» Exercise
Exactly as they appear below, repeat the lines from the one with "今回のリニューアルでは、店舗" through the one with "- STOP AND WAIT". Drop every picture.

» Provided data

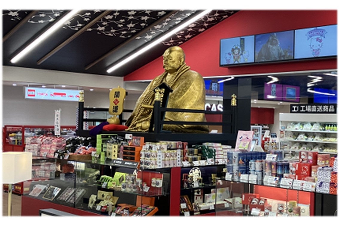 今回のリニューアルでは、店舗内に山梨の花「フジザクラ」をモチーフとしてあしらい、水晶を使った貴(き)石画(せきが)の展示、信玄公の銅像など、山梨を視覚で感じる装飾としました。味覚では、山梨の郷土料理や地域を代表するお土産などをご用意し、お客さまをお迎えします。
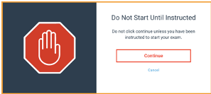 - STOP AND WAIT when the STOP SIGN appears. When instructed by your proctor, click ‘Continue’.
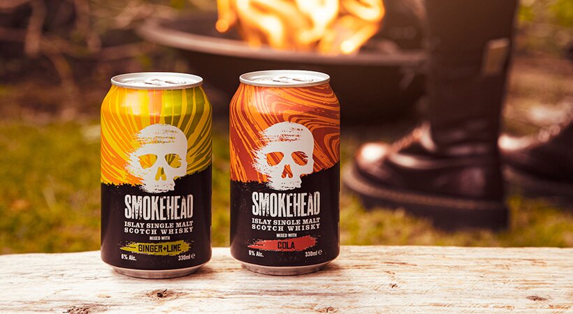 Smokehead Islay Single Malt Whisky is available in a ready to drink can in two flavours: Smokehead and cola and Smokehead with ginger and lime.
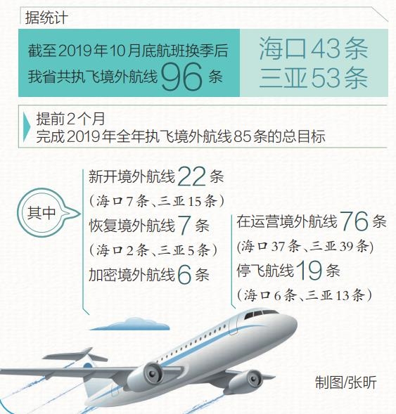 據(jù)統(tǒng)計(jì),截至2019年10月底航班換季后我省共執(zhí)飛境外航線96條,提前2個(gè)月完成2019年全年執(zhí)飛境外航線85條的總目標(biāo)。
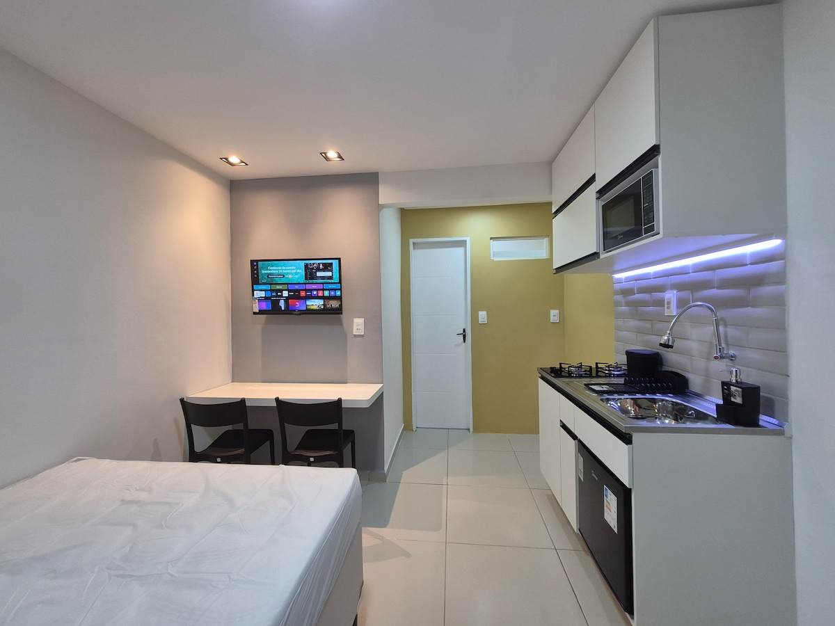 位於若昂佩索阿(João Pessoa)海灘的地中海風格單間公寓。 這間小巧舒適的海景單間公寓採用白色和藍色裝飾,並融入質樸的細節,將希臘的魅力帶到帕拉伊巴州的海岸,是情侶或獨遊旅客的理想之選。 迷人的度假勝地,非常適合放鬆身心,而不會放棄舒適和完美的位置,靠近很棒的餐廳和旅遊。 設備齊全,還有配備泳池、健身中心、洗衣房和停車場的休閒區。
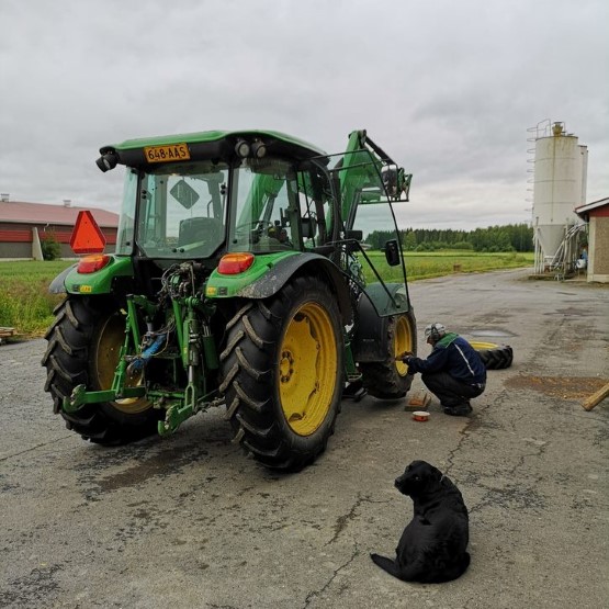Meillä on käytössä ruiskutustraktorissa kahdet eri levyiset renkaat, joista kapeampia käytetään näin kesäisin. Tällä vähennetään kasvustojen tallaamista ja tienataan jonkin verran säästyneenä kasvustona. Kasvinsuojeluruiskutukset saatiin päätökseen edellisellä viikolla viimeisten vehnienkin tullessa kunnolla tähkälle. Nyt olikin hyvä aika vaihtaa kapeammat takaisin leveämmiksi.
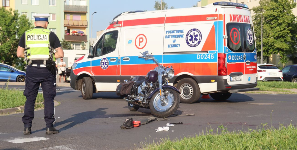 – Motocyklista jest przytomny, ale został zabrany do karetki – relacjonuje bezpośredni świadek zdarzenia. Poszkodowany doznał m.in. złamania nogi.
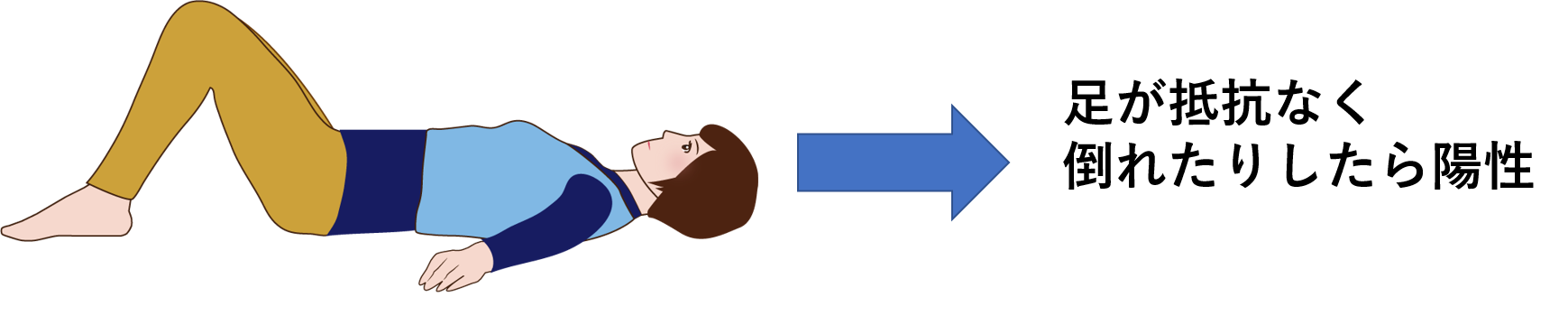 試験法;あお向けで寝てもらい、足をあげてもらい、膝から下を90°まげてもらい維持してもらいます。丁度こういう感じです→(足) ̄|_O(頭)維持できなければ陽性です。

...

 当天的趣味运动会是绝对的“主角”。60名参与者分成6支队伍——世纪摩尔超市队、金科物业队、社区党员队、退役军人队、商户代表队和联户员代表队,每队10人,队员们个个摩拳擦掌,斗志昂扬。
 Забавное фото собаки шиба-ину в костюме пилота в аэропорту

» Completed task
 今回のリニューアルでは、店舗内に山梨の花「フジザクラ」をモチーフとしてあしらい、水晶を使った貴(き)石画(せきが)の展示、信玄公の銅像など、山梨を視覚で感じる装飾としました。味覚では、山梨の郷土料理や地域を代表するお土産などをご用意し、お客さまをお迎えします。
 - STOP AND WAIT when the STOP SIGN appears. When instructed by your proctor, click ‘Continue’.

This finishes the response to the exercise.